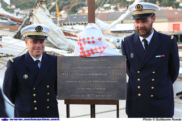 devant la plaque commémorant les 80 ans de leurs lancements à Fécamp (septembre 2012)
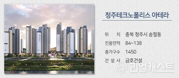 금호건설이 충북 청주시 송절동에서 ‘청주테크노폴리스 아테라’를 분양합니다. SK하이닉스, LG생활건강 등 대기업 업무시설이 가까운 직주근접 단지입니다. 고층부에는 스카이라운지가 조성되며 수영장, 다목적 체육관 등 다양한 주민편의시설도 마련될 예정입니다.
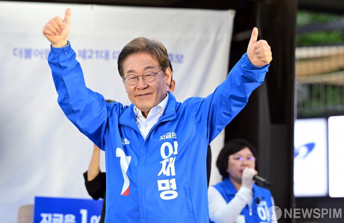 [안산=뉴스핌] 이호형 기자 = 이재명 더불어민주당 대선 후보가 24일 오후 경기도 안산시 안산문화광장 유세를 마친 뒤 지지자들을 향해 엄지를 들어보이고 있다. 2025.05.24 leemario@newspim.com

•••

Activity: Go to the line containing "금호건설이 충북 청주시", then write out word for word every line from there to the end of the listing. Keep both end lines and drop the pictures.

Written reply:
 금호건설이 충북 청주시 송절동에서 ‘청주테크노폴리스 아테라’를 분양합니다. SK하이닉스, LG생활건강 등 대기업 업무시설이 가까운 직주근접 단지입니다. 고층부에는 스카이라운지가 조성되며 수영장, 다목적 체육관 등 다양한 주민편의시설도 마련될 예정입니다.
 [안산=뉴스핌] 이호형 기자 = 이재명 더불어민주당 대선 후보가 24일 오후 경기도 안산시 안산문화광장 유세를 마친 뒤 지지자들을 향해 엄지를 들어보이고 있다. 2025.05.24 leemario@newspim.com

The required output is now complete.